2021 Resolutions2021 is going to be crunch-time in the fight to reduce greenhouse gas emissions. Members of the Transition Town Lewes steering group reveal their New Year’s resolutions to help cut the carbon.

Ann Link: I am looking to get a heat pump and improve the performance of a couple of our older windows, starting with the biggest. I’m also looking to eat less meat. Where we do eat it, we aim to make it all local and often game – that might be controversial.

Julia Waterlow: I’ve already done it but I think a really good resolution is to move money away from fossil fuel and environmentally-damaging investments.  It is slowly happening but people don’t realise the power this has. Change your bank account to Triodos, move your savings to ethical funds or invest locally. Also, switch to a green energy supplier: it would be revolutionary if everyone made the change. And if you’ve already done it, encourage your family and friends. The best of all resolutions I am going to try to stick to is not to buy new stuff unless I really need it. Saves you money, saves the planet grief.

Jon Gunson: I can’t really have a resolution to fly less since the last time I flew was when they gave us barley sugars to suck.
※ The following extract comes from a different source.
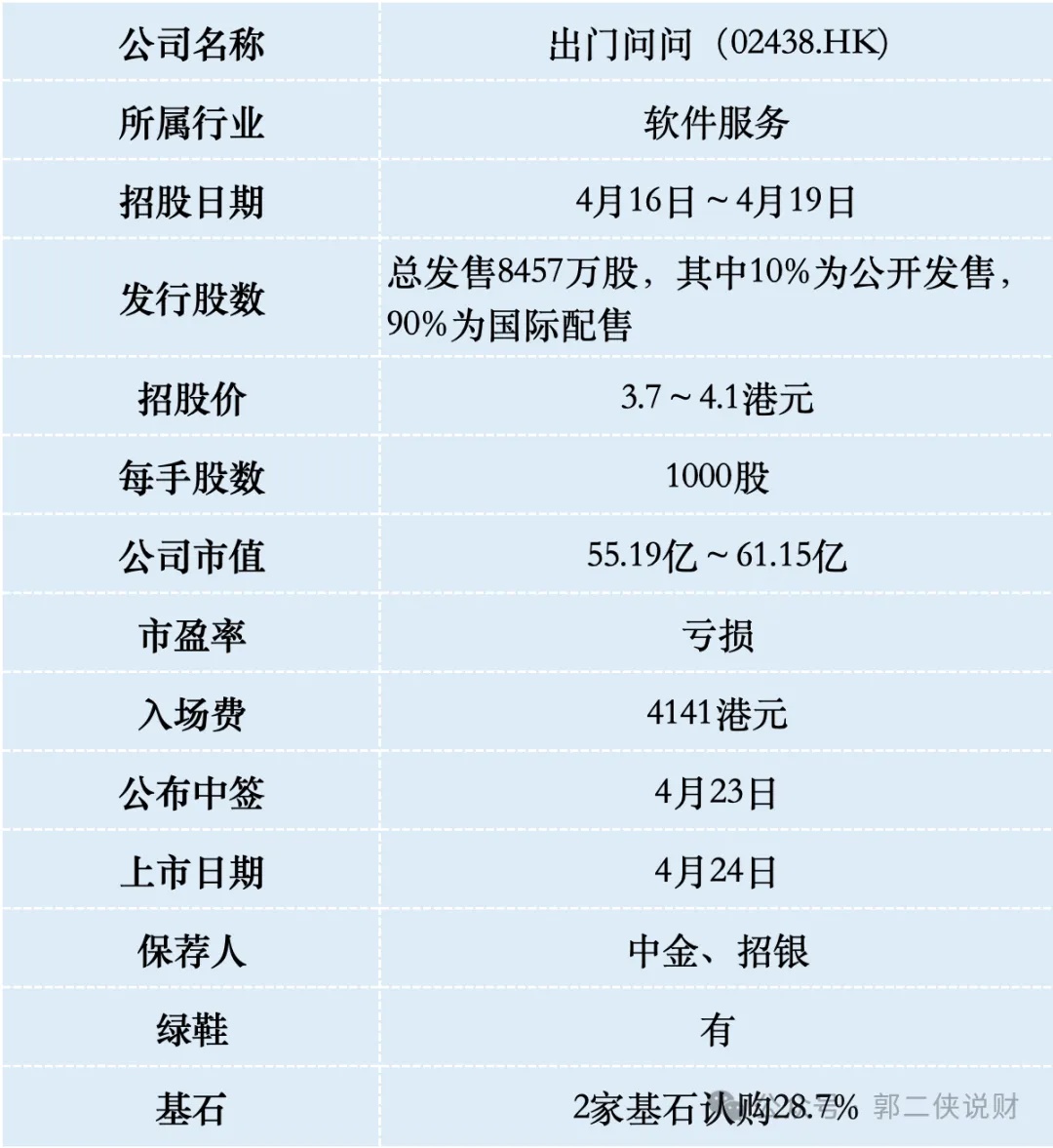 出门问问此次发行股份占全部股份比例的 5.67%,按照发行价中位数 3.9 港元算,募资约 2.75 亿,2 家基石锁定 9500 万,流通盘 1.8 亿。保荐人是中金,这个发行市值安排,上市后股价稍微抬一点,62 亿就能进港股通,给二级市场留的水位不多。

So my resolutions are: fewer screens, more books, less imported food, more Harvey’s beer.

Arnold Simanowitz: I am hoping to install solar heating and/ or a heat pump.
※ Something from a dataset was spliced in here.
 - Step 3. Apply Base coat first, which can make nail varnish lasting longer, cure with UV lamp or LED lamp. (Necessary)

Susan Murray: In our household, we’ve hopefully already tackled the ‘low-hanging fruit’ around energy supply, money etc. Therefore, my main carbon-cutting resolution is to buy less in 2021. As a corollary I would say that we shop local where possible and thus I would like to encourage more people to use Lewes Pounds.

Juliet Oxborrow: Buy local produce wherever possible. As well as cutting down food miles, our local food growers and producers need all the support they can get right now. I’ve spent lockdown repairing clothes and don’t intend to buy anything new unless it comes from a sustainable local business. And keep campaigning to get our government to adopt a truly comprehensive and thought-through zero-emissions strategy such as the CEE Bill, which gets its second reading in Parliament in March.

Sue Fleming: I will continue to grow, shop, and eat locally and seasonally. I don’t need extra ‘stuff’ – it’s more about clearing out and repurposing what I don’t need. I’ve realised we can save on heating by doing what people who have lived in this old house for centuries have done – simply wear extra layers when it’s cold: good wool, thick tights, a sheepskin or quilted waistcoat (cut down charity shop coat!). Outdoor jobs – splitting logs, spreading manure – all help in keeping fit and warm, and staying close to Nature helps to stave off emotional turmoil.

Kirsten Firth: Well, lockdown means you can’t travel, or go shopping, or do anything frivolous! So as I’ll be at home a lot over the next few months, I’m going to upskill with a pattern-cutting course, and also follow some of the fantastic range of YouTube tutorials on constructing pocket welts, necklines and seam techniques. I will come out of this with some properly fitted clothes, handmade but beautifully finished (maybe even some Bonfire costume pieces) – plus a much-reduced stash of fabrics under the stairs.

Dirk Campbell: I am going to shop local where possible, avoid travel (even when we’re allowed to!), get an air-source heat pump installed, change to Triodos Bank, and keep plugging away with political and public pressure. Things are surely changing in the political and public mood but we need to keep up the momentum. No meat but I don’t eat it anyway!